[Opening PROVIDED DATA section]

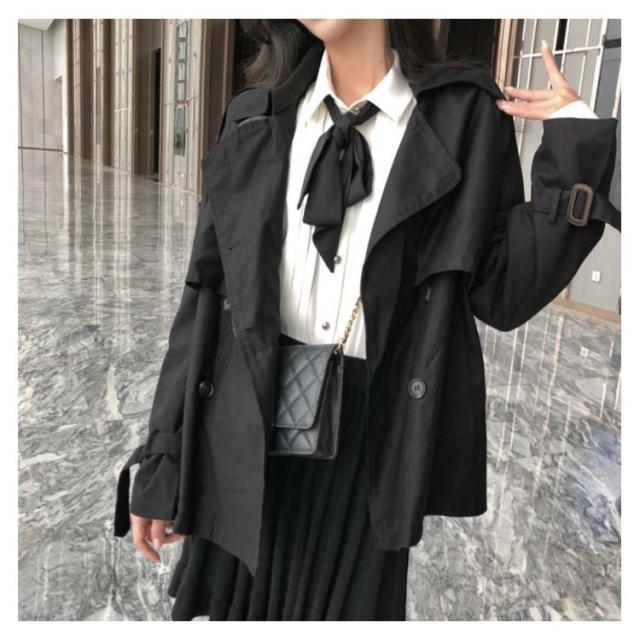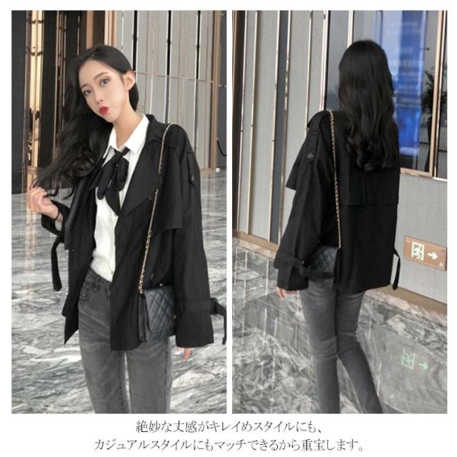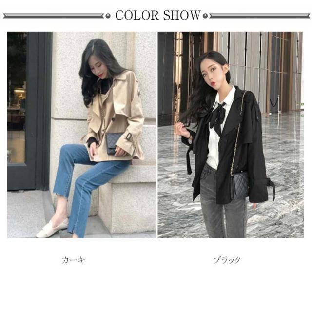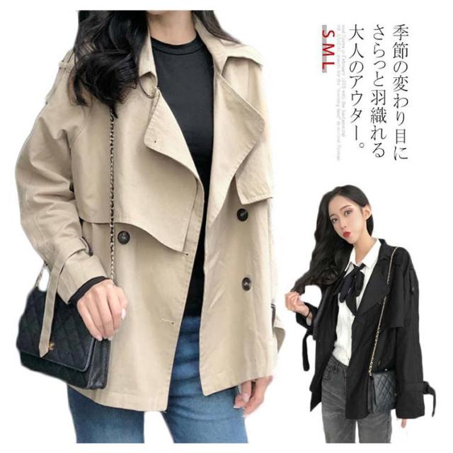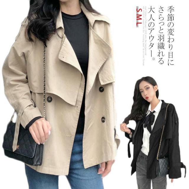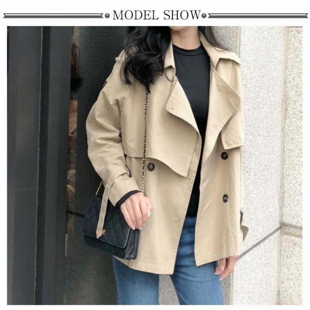 ショート丈 トレンチコート テロンチ レディース スプリングコート アウター ライトアウター 羽織り ダブルボタン ゆったり 秋 上着 無地 二重構造 ゆる感 カジュアル
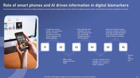 This slide represents the role of smartphones and artificial intelligence driven information in digital biomarkers. It also states how smartphones collect, analyze, and distribute from cameras, microphones, and sensors. From laying roadmaps to briefing everything in detail, our templates are perfect for you. You can set the stage with your presentation slides. All you have to do is download these easy to edit and customizable templates. Role Of Smart Phones Ai Driven Biomedical Data Science And Health Informatics Introduction Pdf will help you deliver an outstanding performance that everyone would remember and praise you for. Do download this presentation today. This slide represents the role of smartphones and artificial intelligence driven information in digital biomarkers. It also states how smartphones collect, analyze, and distribute from cameras, microphones, and sensors.
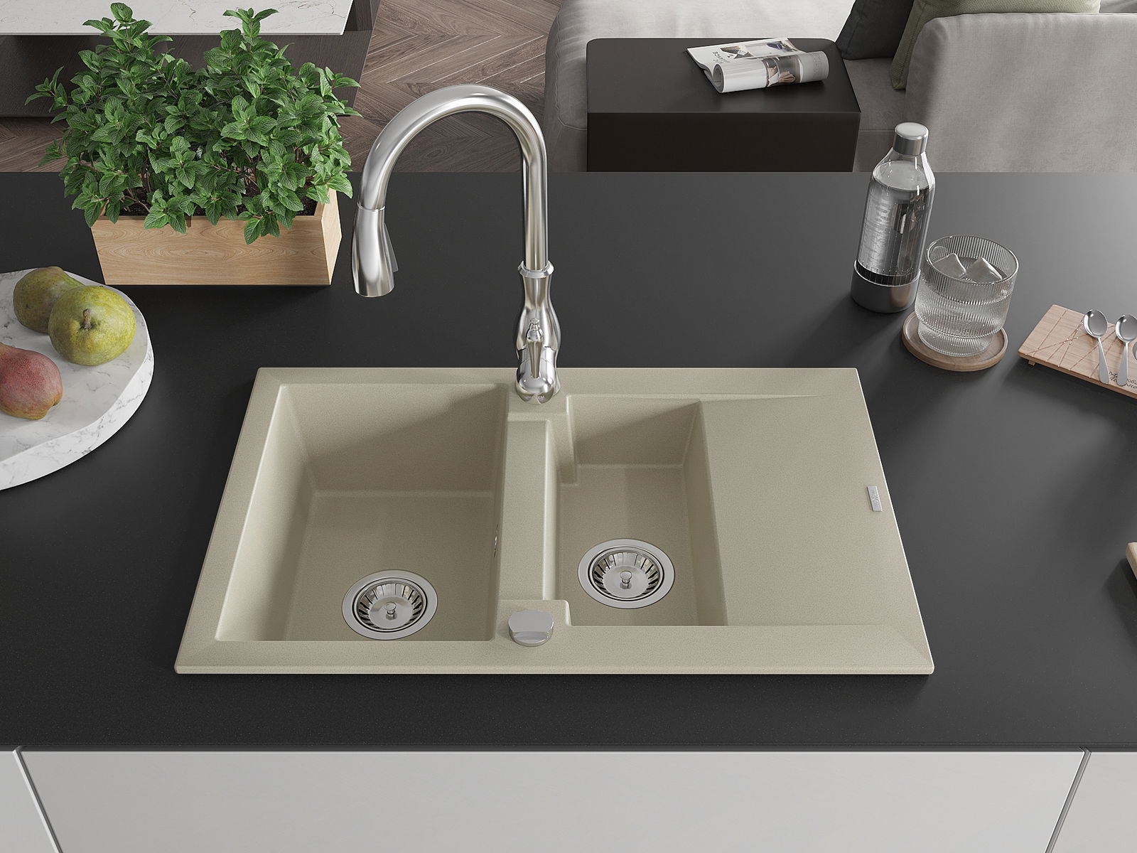 El fregadero está hecho de granito de alta calidad. Constituye un complemento elegante y, sobre todo, práctico para cualquier cocina, independientemente de su estilo. La alta calidad y durabilidad del granito aseguran un uso durante muchos años.

[Closing PROVIDED DATA section]

Your answer must be an exact copy of the listing, with every picture omitted.

**SOLUTION TO THE PROBLEM**
 ショート丈 トレンチコート テロンチ レディース スプリングコート アウター ライトアウター 羽織り ダブルボタン ゆったり 秋 上着 無地 二重構造 ゆる感 カジュアル
 This slide represents the role of smartphones and artificial intelligence driven information in digital biomarkers. It also states how smartphones collect, analyze, and distribute from cameras, microphones, and sensors. From laying roadmaps to briefing everything in detail, our templates are perfect for you. You can set the stage with your presentation slides. All you have to do is download these easy to edit and customizable templates. Role Of Smart Phones Ai Driven Biomedical Data Science And Health Informatics Introduction Pdf will help you deliver an outstanding performance that everyone would remember and praise you for. Do download this presentation today. This slide represents the role of smartphones and artificial intelligence driven information in digital biomarkers. It also states how smartphones collect, analyze, and distribute from cameras, microphones, and sensors.
 El fregadero está hecho de granito de alta calidad. Constituye un complemento elegante y, sobre todo, práctico para cualquier cocina, independientemente de su estilo. La alta calidad y durabilidad del granito aseguran un uso durante muchos años.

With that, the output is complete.